------ DATASET EXTRACT ------

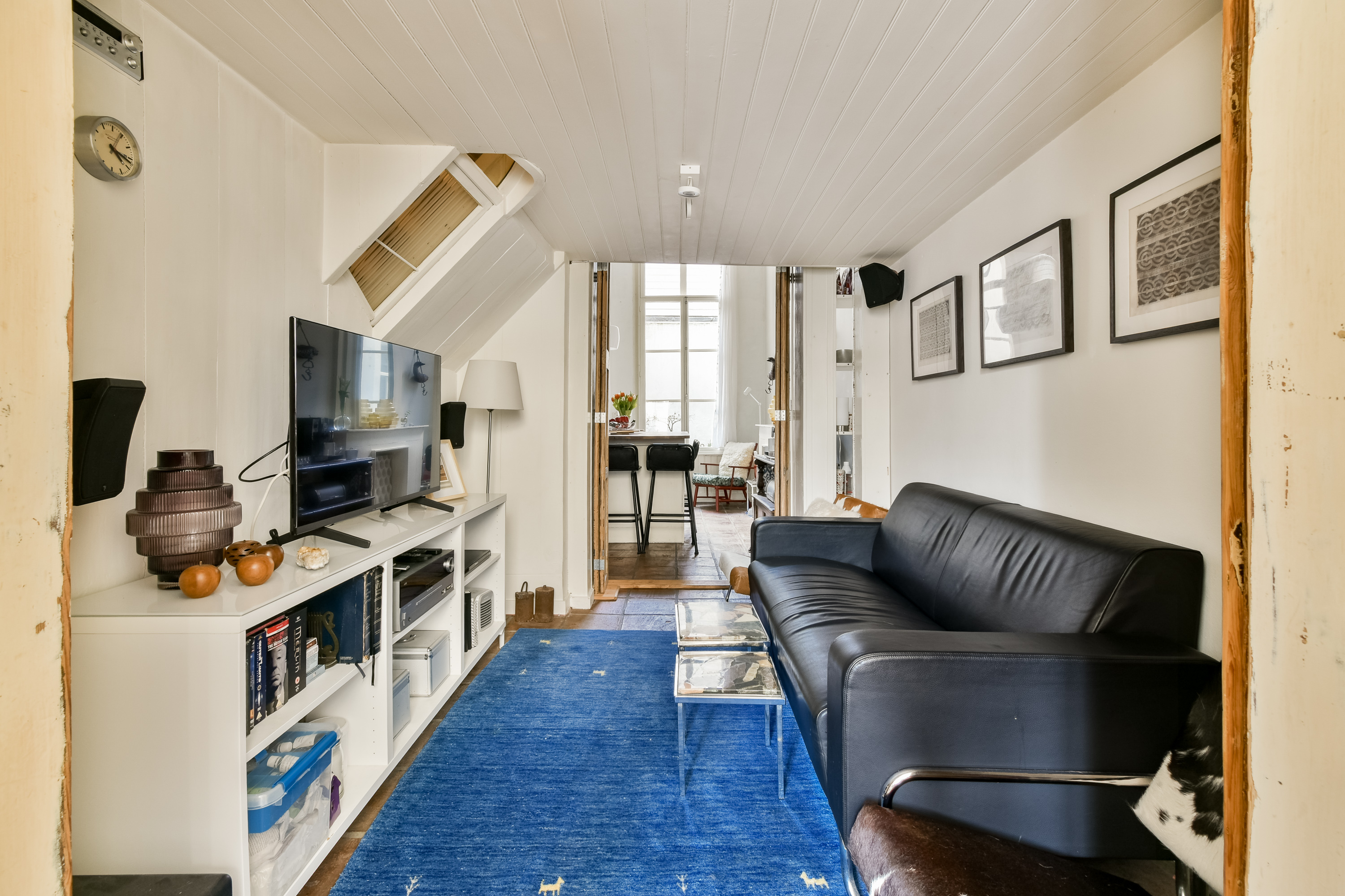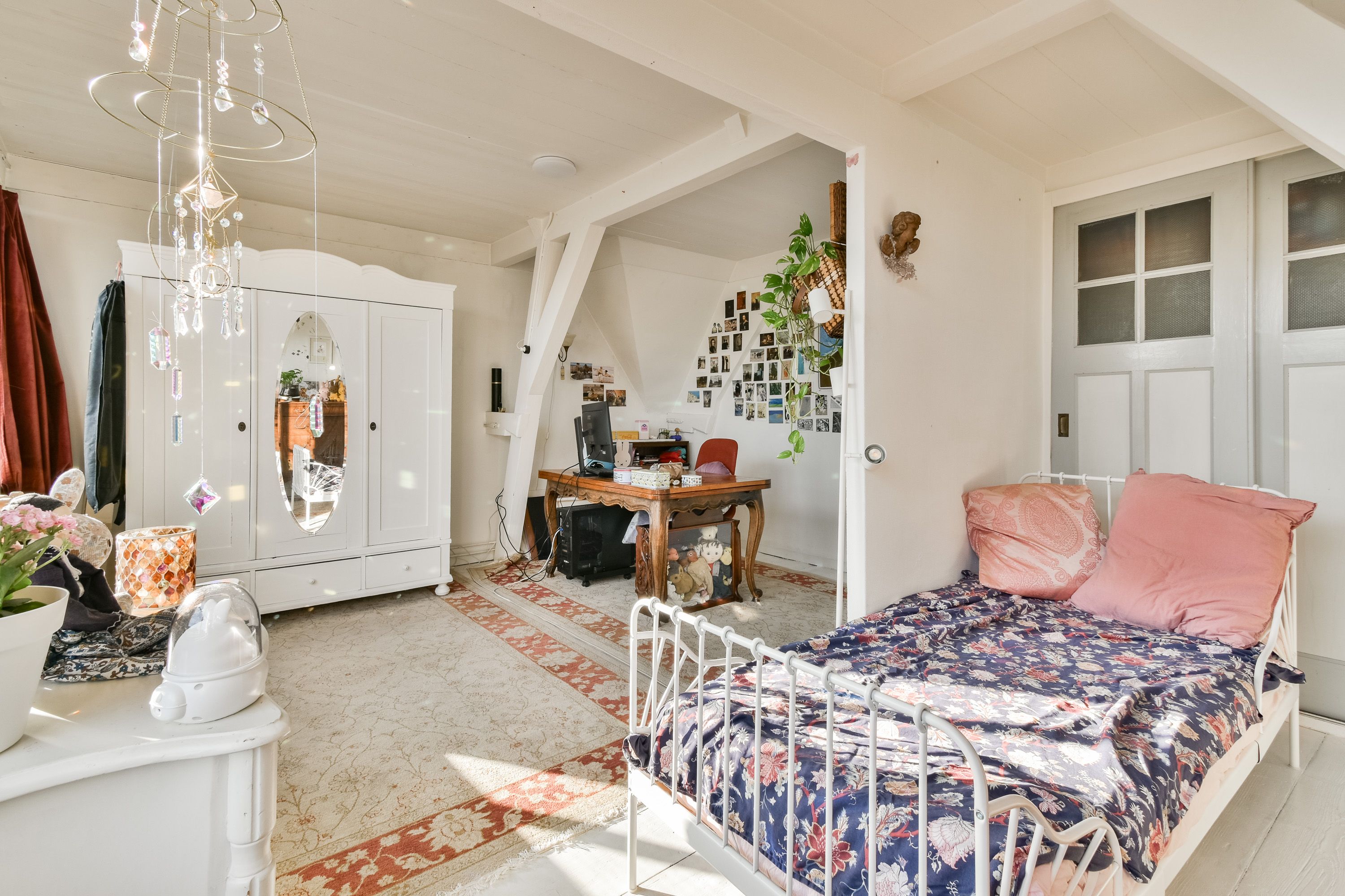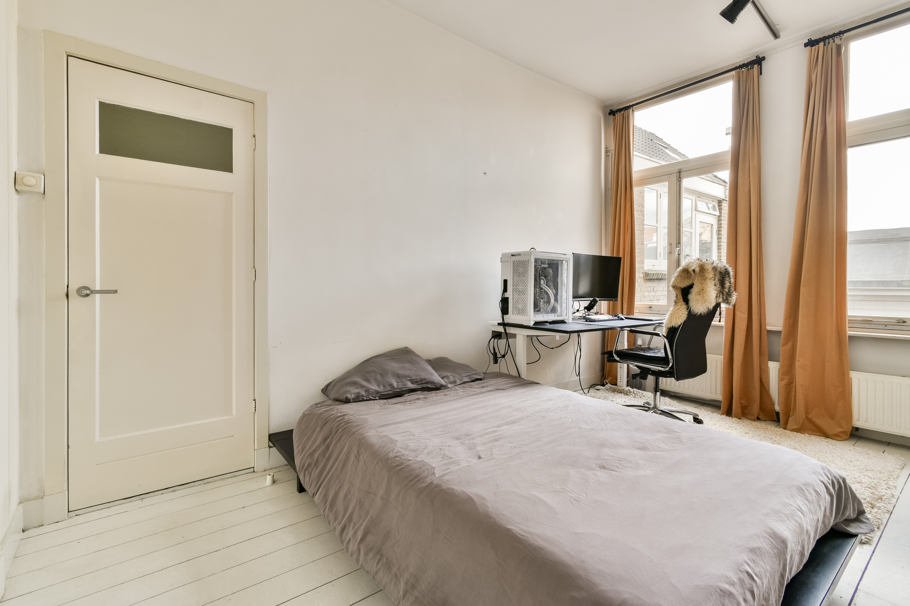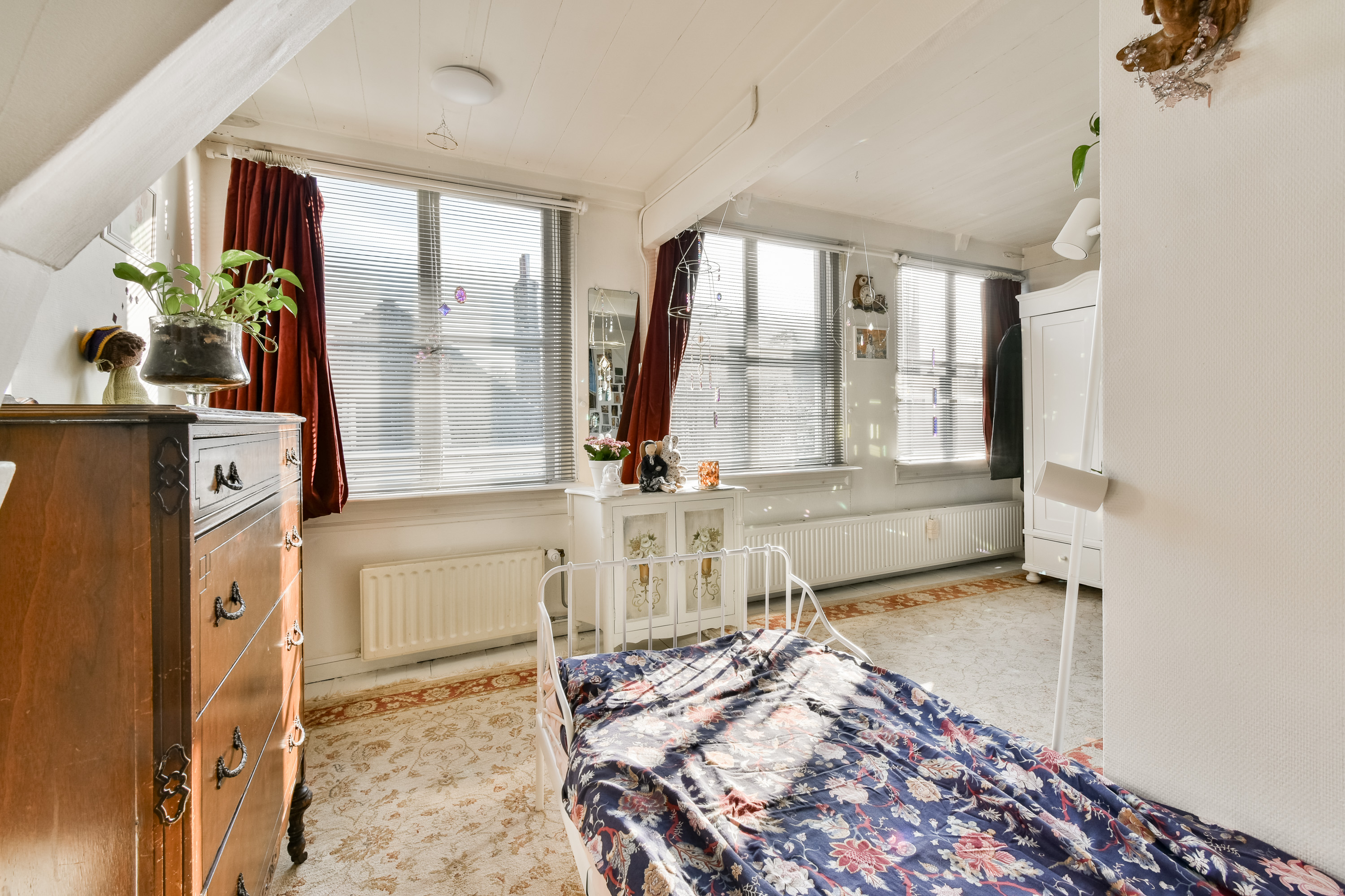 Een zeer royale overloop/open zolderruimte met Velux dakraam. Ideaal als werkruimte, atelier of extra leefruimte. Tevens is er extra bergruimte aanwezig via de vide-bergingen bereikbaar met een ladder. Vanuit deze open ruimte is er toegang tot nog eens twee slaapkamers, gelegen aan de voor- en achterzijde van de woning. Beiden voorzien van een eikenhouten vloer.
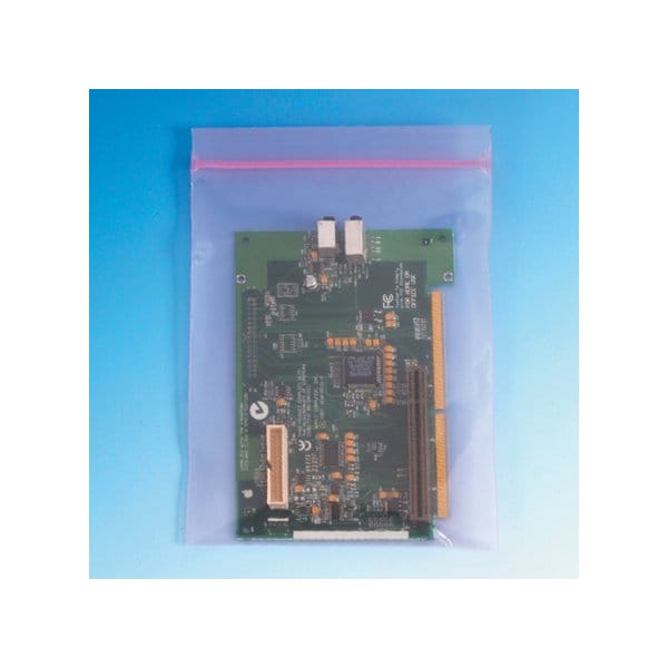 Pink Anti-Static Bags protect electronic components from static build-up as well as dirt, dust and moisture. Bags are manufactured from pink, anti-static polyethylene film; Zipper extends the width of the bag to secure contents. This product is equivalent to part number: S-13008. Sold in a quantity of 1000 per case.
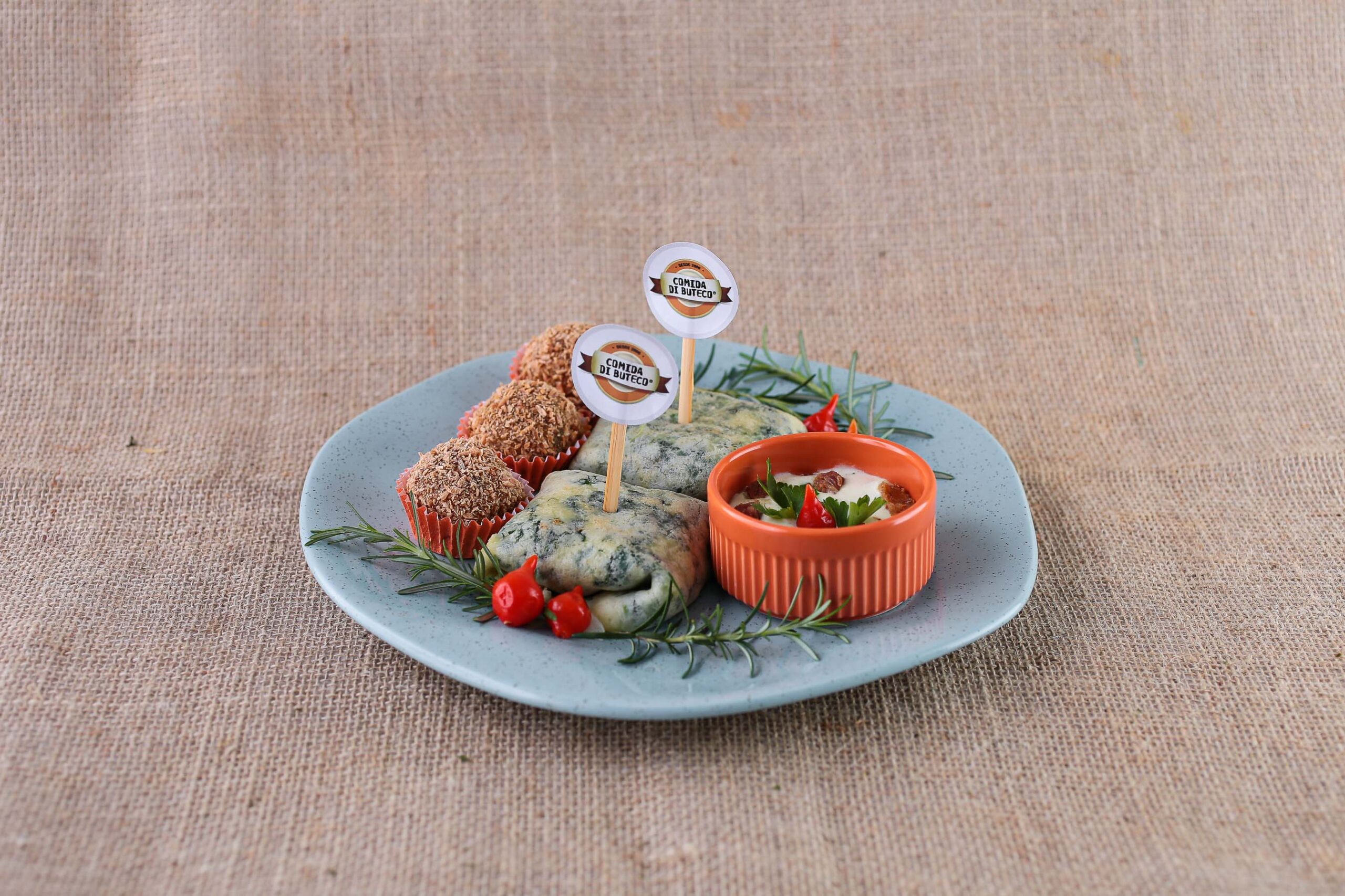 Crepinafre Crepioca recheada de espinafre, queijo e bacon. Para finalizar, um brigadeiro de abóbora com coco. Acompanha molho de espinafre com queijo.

------

The required output is the listing above reproduced exactly, pictures removed.

 Een zeer royale overloop/open zolderruimte met Velux dakraam. Ideaal als werkruimte, atelier of extra leefruimte. Tevens is er extra bergruimte aanwezig via de vide-bergingen bereikbaar met een ladder. Vanuit deze open ruimte is er toegang tot nog eens twee slaapkamers, gelegen aan de voor- en achterzijde van de woning. Beiden voorzien van een eikenhouten vloer.
 Pink Anti-Static Bags protect electronic components from static build-up as well as dirt, dust and moisture. Bags are manufactured from pink, anti-static polyethylene film; Zipper extends the width of the bag to secure contents. This product is equivalent to part number: S-13008. Sold in a quantity of 1000 per case.
 Crepinafre Crepioca recheada de espinafre, queijo e bacon. Para finalizar, um brigadeiro de abóbora com coco. Acompanha molho de espinafre com queijo.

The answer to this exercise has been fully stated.